When the human says "go deeper on X":

  1. Extract the specific area from the previous output
  2. Re-enter at Phase 1 with a narrowed scope focused on X
  3. Use previous findings as context for the new investigation
  4. Produce an updated document that integrates both rounds

Follow-up Research

When new information emerges after initial research:

  1. Read the previous output from ~/research/<topic>/output.md
  2. Identify what's changed or what new information is available
  3. Run targeted Phase 2 investigation on the delta
  4. Revise the document (don't start from scratch)

Research Chains

Some topics naturally lead to follow-up questions:

  1. After delivering output, explicitly note "This research suggests the following follow-up investigations: ..."
  2. The human can trigger any of these as new research tasks
  3. Link related research documents together via references

Oracle Quick Reference

source ~/.nvm/nvm.sh && nvm use 22

# --- BROWSER MODE (default — uses ChatGPT Pro subscription, free) ---

# 1. Ensure bridge is running (see skills/oracle-bridge/SKILL.md)
curl -s http://localhost:9222/json/version | grep -q Chrome || {
  echo "Start bridge first!"
  echo "source ~/camoufox-env/bin/activate"
  echo "python3 ~/.openclaw/workspace/research/oracle-bridge-v3.py --cookies ~/.oracle/chatgpt-cookies.json &"
}

# 2. Run queries
ORACLE_REUSE_TAB=1 oracle --engine browser \
  --remote-chrome localhost:9222 \
  -p "Your prompt" --file path/to/context.md \
  --model gpt-5.2-pro --wait

# --- API MODE (fallback — costs per query, needs user approval) ---

# Standard reasoning
oracle --engine api -p "Your prompt" --file context.md --model gpt-5.2-pro

# Deep research (web survey with citations — needs approval for API cost)
oracle --engine api -p "Research [topic] comprehensively" --model o4-mini-deep-research
oracle --engine api -p "Research [topic] comprehensively" --model o3-deep-research

# Dry run (preview without spending tokens)
oracle --dry-run summary -p "Your prompt" --file context.md

Browser mode: Requires oracle-bridge running + valid session token at ~/.oracle/chatgpt-cookies.json.
API mode: Requires OPENAI_API_KEY (set in ~/.bashrc). Only use as explicit fallback with user approval.

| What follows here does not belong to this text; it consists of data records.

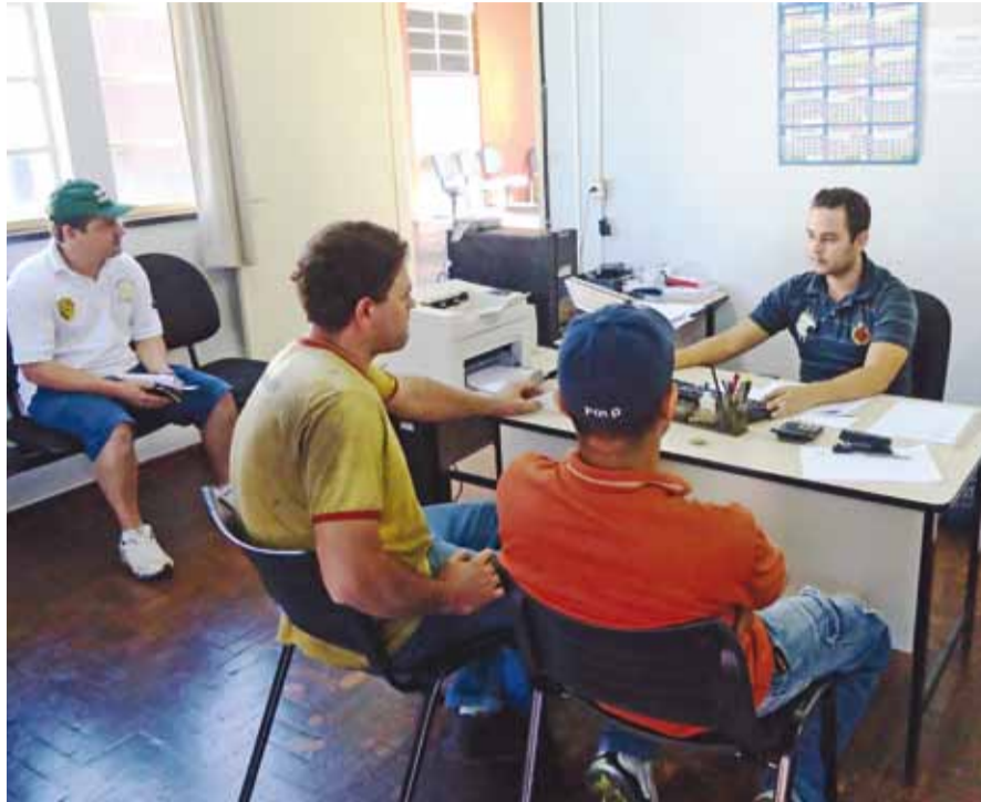
Interessados devem buscar a formalização por meio do Banco do Povo

▶ A formalização beneficia, principalmente, quem trabalha por conta própria e, por isso, não tem acesso aos direitos sociais. O objetivo do programa de Micro Empreendedor Individual (MEI) é tirar da informalidade trabalhadores autônomos, que tenham faturamento de até R$ 60 mil por ano.
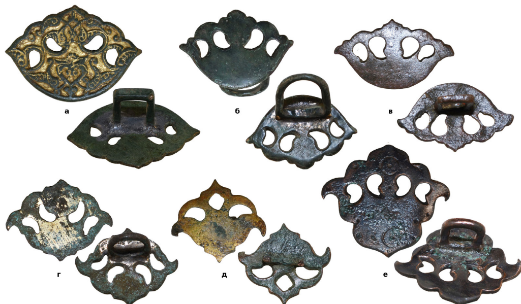
Рис. 6. (а) – Накладка з приватної колекції (знайдена на р. Рів поблизу с. Сербинівці Вінницької обл.); (б) – накладка з приватної колекції (знайдена в Вінницькій обл.); (в) – накладка з приватної колекції (знайдена в Одеській обл.); (г) – накладка з приватної колекції (місце знахідки невідоме); (д) – накладка з приватної колекції (знайдена в Криму); (е) – накладка з приватної колекції (знайдена в Одеській обл.).

або мідного сплаву основи допаювалася петля з відповідного металу. Ззовні гладенькі або з рельєфним орнаментом (часто рослинним орнаментом) їх зазвичай робили з симетричними фігурними отворами, а їх поверхня покривалася позолотою.
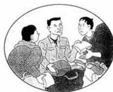
◎ 魏某积极参加邪教活动，又欺骗他人。还跑到外地散发邪教传单。

Překlad bodu III.: Toto shromáždění nebylo legálně registrováno nebo schváleno úřadem pro náboženské záležitosti. Je to místo ilegálních náboženských setkání, které hrubým způsobem narušuje veřejný pořádek a normální život obyvatelstva. Proto se zde přísně zakazují jakékoli další náboženské aktivity.
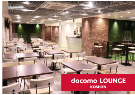
【docomo LOUNGE KOSHIIEN】
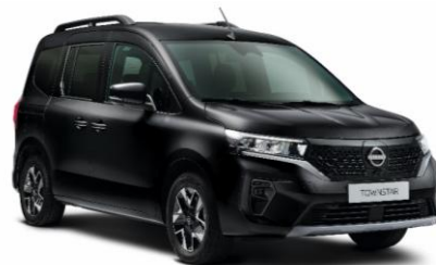
Čierna Enigma GNE – 600 €
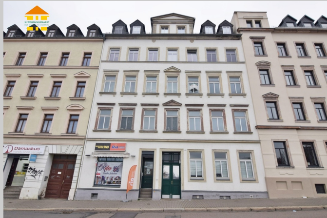
Hainstraße 52 in 09130 Chemnitz
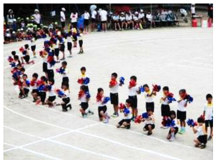
3・4年 「一小 花がさ」
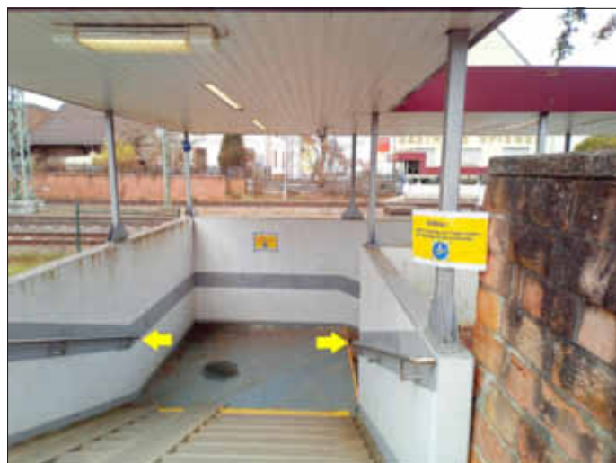
(Das Bild zeigt die restlichen Treppenhandläufe der Bahnunterführung Kindsbach)

Diebe entwendeten Mitte März die Treppenhandläufe der Auf- und Abgänge in der nördlichen Bahnunterführung der Ortsgemeinde Kindsbach. In der Zeit 22.03.2019 - 24.03.2019 stahlen die Diebe auch die Treppenhandläufe im südlichen Teil der Bahnunterführung. Vertrauliche Hinweise zur Tat können Sie an unser Bauamt, Fr. Agne 06371/83146 richten.
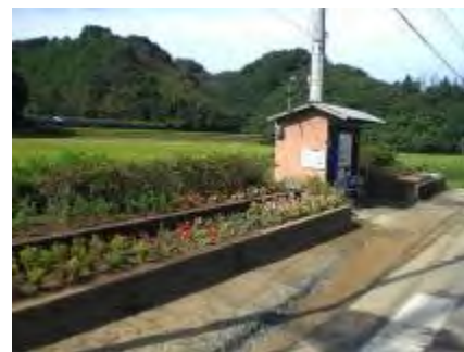
今は自動販売機の小家になっています

花苗の植え替えは6月、9月、12月の年3回行われます。9月11日（日）の植えかえには13名の参加がありました。水やり、草取り等は班を決めて当番制にしています。
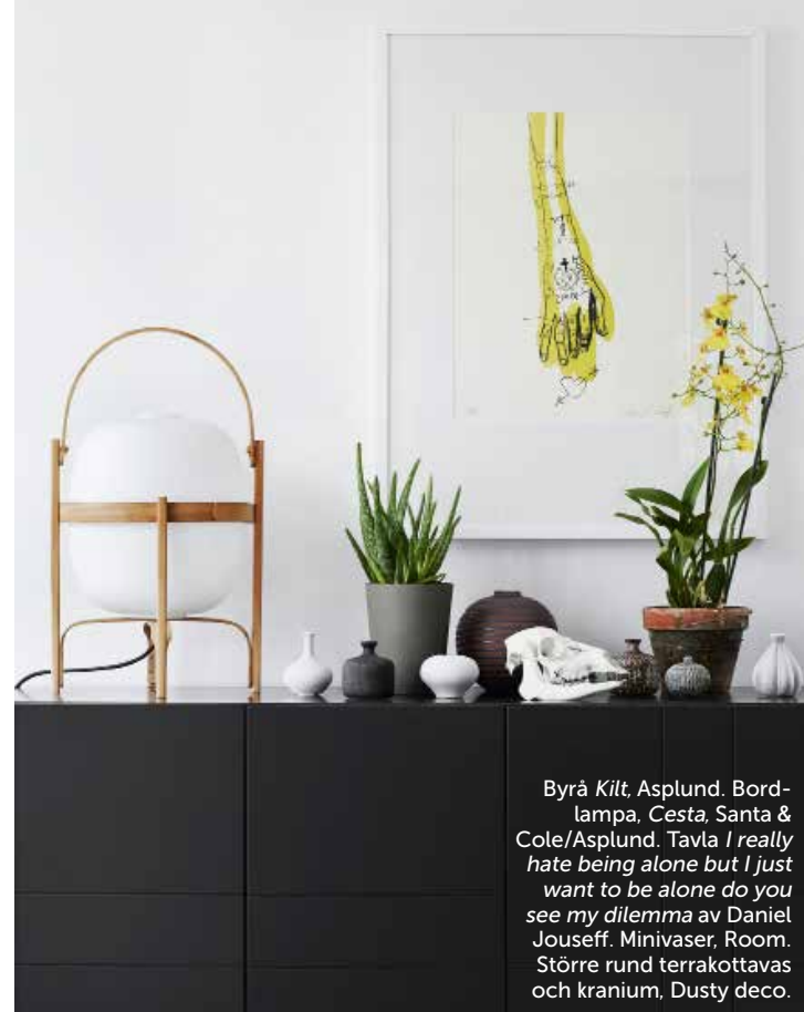
Byrå Kilt , Asplund. Bord-lampa, Cesta , Santa & Cole/Asplund. Tavla I really hate being alone but I just want to be alone do you see my dilemma av Daniel Jouseff. Minivaser, Room. Större rund terrakottavas och kranium, Dusty deco.

»Här kan jag tänka mig att bo«, fastslår sjuåringen. Det är en kylig vinterdag och vi har parkerat bilen utanför Bloocs visningshus Lone på Värmdö utanför Stockholm. Husen runt omkring har redan sålts, grannar spatserar omkring i området, samtalar gemytligt med varandra. En idyllisk bild av svenskt radhusboende. Vi flyttar smått förläget in våra saker i huset. Varsin övernattningsväska, några gosdjur. Det är en märklig känsla, som att flytta in hos en vän eller i en tillfälligt hyrd Air bnb-lya, minus de personliga pinalerna. För detta är ett testboende. I köket står en flaska vin och en matkasse från Köttbaren. Sjuåringen far upp och ner för de signalgula trapporna, bygger en koja i klädkammaren. I köksfönstret står färska kryddor, alla sängar är bäddade med lagom tillskrynklade
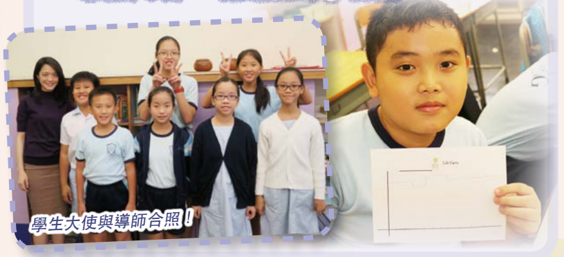
學生大使與導師合照！

See skills/oracle-bridge/SKILL.md for full bridge setup, troubleshooting, and token refresh.


Notes

  • Always create ~/research/<topic-slug>/ for each research task — keeps outputs organized and referenceable
  • Save intermediate findings — if a session crashes, you don't lose work
  • Time-box phases — if Phase 2 is taking >30 min, wrap up what you have and move to synthesis
  • Human in the loop — Phase 0 (scoping) is mandatory. Don't skip it, even for "obvious" topics
  • Classify before routing — the Research Type Classification section is the key improvement. Use it.
  • Quality > Speed — this skill is designed for depth, not quick answers. Take the time needed.
  • ChatGPT Deep Research — suggest it for major web surveys when the human is available. It's the most powerful option and free with Pro sub.